Was it not Lord Denning who exhorted judges not to be timorous souls but to be bold spirits, ready to allow a new cause of action, if justice so required. Candelar v. Craine Chrsmas & Co., (1951) 2 KB 164 at 178.

14. We may profitably consider at this stage what the American law on the subject is because in the United Sates the law has always shown a greater capacity for adjustment and growth than elsewhere. The doctrine of promissory estopped has displayed remarkable vigour and vitality in the hands of American Judges and it is still rapidly developing and expanding in the United States. it may be pointed out that this development does not derive its origin in any way from the decision of Lord Denning in the High Trees’ case but ante-dates this decision by a number of years ; perhaps it is possible that it may have helped to inspire that decision. It was long before the decision in the High Trees case that the American Law Institute’s Restatement of the Law of Contracts came out with the following proposition in Article 90 :

“A promise which the promisor should reasonably expect to induce action or forbearance of a definite and substantial character on the part of the promisee, and which does induce such action or forbearance, is binding if injustice can be avoided only by enforcement of the promise.”

This proposition was explained and elucidated by several illustrations given in the article and one of such illustrations was as follows :

“A promise B to pay him an annuity during B’s life. B thereupon resigns a profitable employment, as A expected that he might. B receives the annuity for some years, in the meantime becoming disqualified from again obtaining good employment. A’s promise is binding.”
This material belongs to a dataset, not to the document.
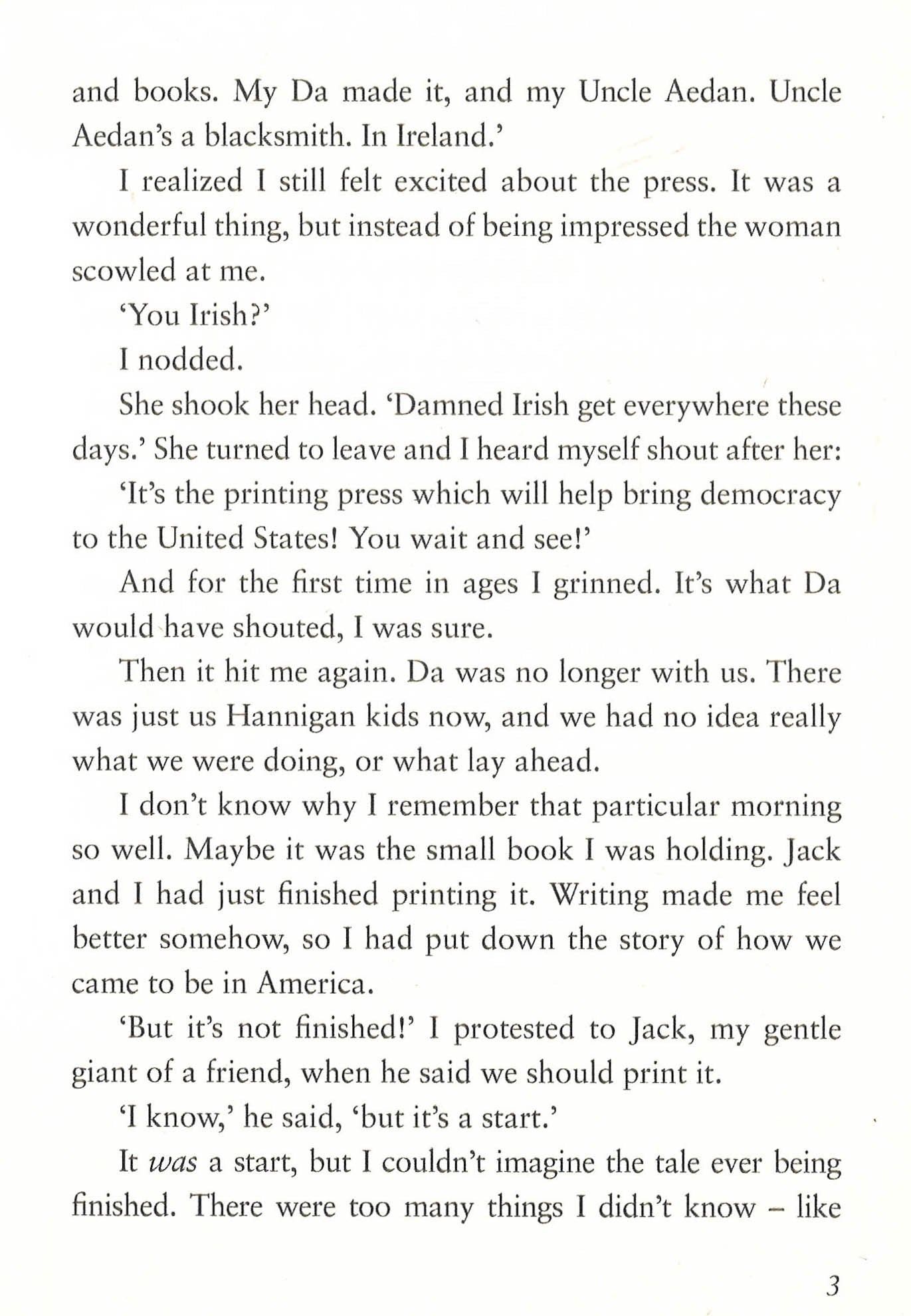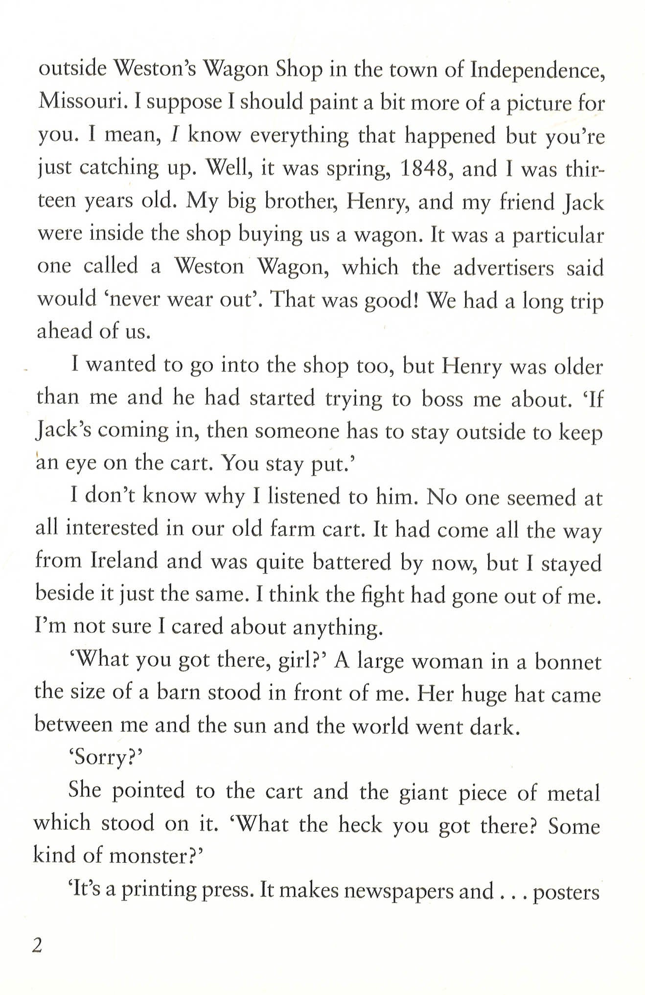 11-year-old Slim Hannigan and her family left their home in Ireland to travel to America - in search of a better life. It has been so long and such a journey that Slim Hannigan and the rest of her family can't even imagine what home looks like anymore. And there are many, many miles across America for them to travel before they reach their destination. Between them and the home of their uncle lie thousands of miles of dangerous land, wild animals and strangers who do not wish them well. Slim has to draw on bravery like she's never known to keep her family together and to keep them moving forward.

It is true that the Restatement has not the same weight, as a source of law, as actual decisions of courts of high standing, yet the principle set out in Article 90 has in fact formed the basis of a number of decisions in various States and it is now becoming increasingly clear that a promise may in the United States derive contractual enforceability if it has been made by the promisor intending that it should be acted on and the promisee has altered his position in reliance on it, notwithstanding that there is no consideration in the sense in which that word is used in English and Commonwealth jurisprudence. Of course the basic requirement for invoking this principle must be present, namely, that the fact-situation should be such that “injustice can be avoided only by enforcement of the promise.” There are numerous examples of the application of this principle to be found in recent American decisions. There is, for instance, the long line of cases in which a promise to give a charitable subscription has been consistently held to be enforceable at the suit of the charity. Though attempts have been made to justify these decisions by reasoning that the charity by commencing or continuing its charitable work after receiving promise has given good consideration for it, we do not think that, on closer scrutiny, the enforceability of the promise in these cases can be supported by spelling out the presence of some form of consideration and the true principle on which they are really based is the principle of promissory estoppel. This is also the view expressed in the following statement at page 657 of Vol. 19 of American Jurisprudence :

“A number of courts have upheld the validity of charitable subscriptions on the theory of promissory estoppel holding that while a mere promise to contribute is unenforceable for want of consideration, if money has been expanded or liabilities have been incurred in reliance on the promise so that non fulfilment will cause injury to the payee, the donor is estopped to assert the lack of consideration, and the promise will be enforced.”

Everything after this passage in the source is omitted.